On October 22, 2015 1:37:18 PM CDT, Isaac Gutekunst
<isaac.guteku...@vecna.com> wrote:

I think I may have some information that's actually useful.

I've managed to actually execute some tests.... and lots of them are
failing.

sp01 and sp02 fail quite quickly, as an assertion fails.

assertion "first != _Chain_Tail( &ready_queues[ index ] )" failed:

file


"../../cpukit/../../../stm32f7x/lib/
include/rtems/score/schedulerpriorityimpl.h", line
166, function: _Scheduler_priority_Ready_queue_first

This failure is common to many of the failed tests so far. What does
this mean?


Does hello run?

Yes

Yes. Here are the results of running all the samples:


RTEMS Testing - Tester, v0.2.0
[1/9] p:0 f:0 t:0 i:0 | arm/stm32f7x: base_sp.exe
[2/9] p:1 f:0 t:0 i:0 | arm/stm32f7x: capture.exe
[3/9] p:1 f:1 t:0 i:0 | arm/stm32f7x: fileio.exe
[4/9] p:2 f:1 t:0 i:0 | arm/stm32f7x: hello.exe
[5/9] p:3 f:1 t:0 i:0 | arm/stm32f7x: minimum.exe
[6/9] p:4 f:1 t:0 i:0 | arm/stm32f7x: nsecs.exe
[7/9] p:4 f:2 t:0 i:0 | arm/stm32f7x: paranoia.exe
[8/9] p:5 f:2 t:0 i:0 | arm/stm32f7x: ticker.exe
[9/9] p:5 f:3 t:0 i:0 | arm/stm32f7x: unlimited.exe
Passed: 5
Failed: 4
Timeouts: 0
Invalid: 0
Total: 9
Average test time: 0:00:13.072150
Testing time : 0:01:57.649357

Sorry to follow up so quickly.  Set your console driver to polling mode. Run 
hello. It should work before you move on. There should be no interrupts at all.

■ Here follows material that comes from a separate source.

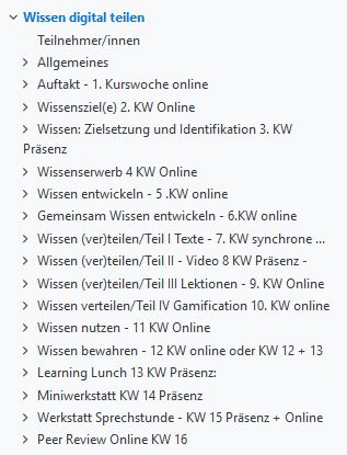 Mit dem Erreichten können wir m.E. zufrieden sein. Einige Themen sind schon befüllt, andere Bereiche nur grob angedacht, formatiert ist kaum etwas und es bleibt noch unheimlich viel Arbeit am Kurs offen. Das freie Moodle hat zudem so einige Lücken, es gibt z.B. keinen Fortschrittsbalken und keine H5P-Anwendungen. Viele Plugins die für uns schon selbstverständlich sind, habe ich hier vermisst. Aber zur groben Strukturierung genügt es und die spätere Feinarbeit im eigenen Moodlesystem bleibt den jeweiligen Nutzer/innen überlassen.

Then turn console interrupts on and get it running again. There should only be 
console interrupts.

Then move on to ticker. Clock tick and console if not in polled.

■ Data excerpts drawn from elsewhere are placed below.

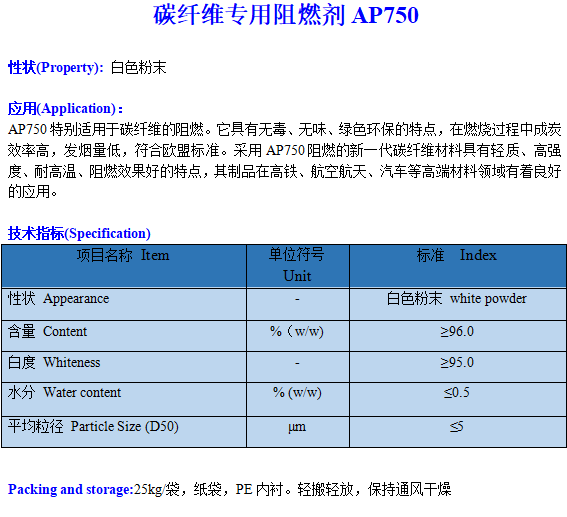 碳纖維專用阻燃劑AP750 2022-5-10 本文被閱讀 2447 次
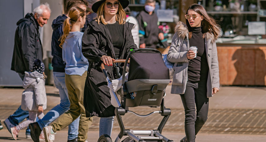 Osijek, 13.3.2021. – Novu sunčanu subotu u gradu Osječani su iskoristili za odlazak na gradsku tržnicu i za ispijanje kave na terasama kafića.
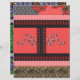 • Middle Section: A broad horizontal band in red with intricate white floral patterns and a black vertical stripe down the centre.

Ticker does not seem to work. This is a concrete area to investigate. I have 
some suspicions.


Did all interrupt handlers get installed using RTEMS ISR installation method? 
Are there any which do not use this?

I think they all use the RTEMS method. There might be some lurking in the HAL code from ST. Ifso, that's a bit scary and could maybe explain a lot.


For all RTEMS standard tests, there should be no drivers except those 
explicitly configured. All other devices may need to be tickled to be quiet but 
usually are not touched or referenced.

If the minimum test has driver symbols in it, it shouldn't. :)

We'll clean that up.

Isaac

On 10/22/2015 09:16 AM, Jay Doyle wrote:



On 10/22/2015 01:40 AM, Sebastian Huber wrote:



On 21/10/15 15:48, Jay Doyle wrote:



On 10/21/2015 09:35 AM, Sebastian Huber wrote:



On 21/10/15 15:08, Isaac Gutekunst wrote:



On 10/21/2015 09:00 AM, Sebastian Huber wrote:



On 21/10/15 14:56, Isaac Gutekunst wrote:

On 10/21/2015 08:24 AM, Sebastian Huber wrote:



On 21/10/15 14:13, Isaac Gutekunst wrote:

Thanks for the reply.

On 10/21/2015 01:50 AM, Sebastian Huber wrote:



On 20/10/15 16:02, Isaac Gutekunst wrote:

[...]


As far as I can tell this would only occur if the caller

of

pthread_mutex_lock was in a
"bad"
state. I don't believe it is in an interrupt context, and
don't know what other bad states
could exist.


We have

#define _CORE_mutex_Check_dispatch_for_seize(_wait) \
    (!_Thread_Dispatch_is_enabled() \
      && (_wait) \
      && (_System_state_Get() >= SYSTEM_STATE_UP))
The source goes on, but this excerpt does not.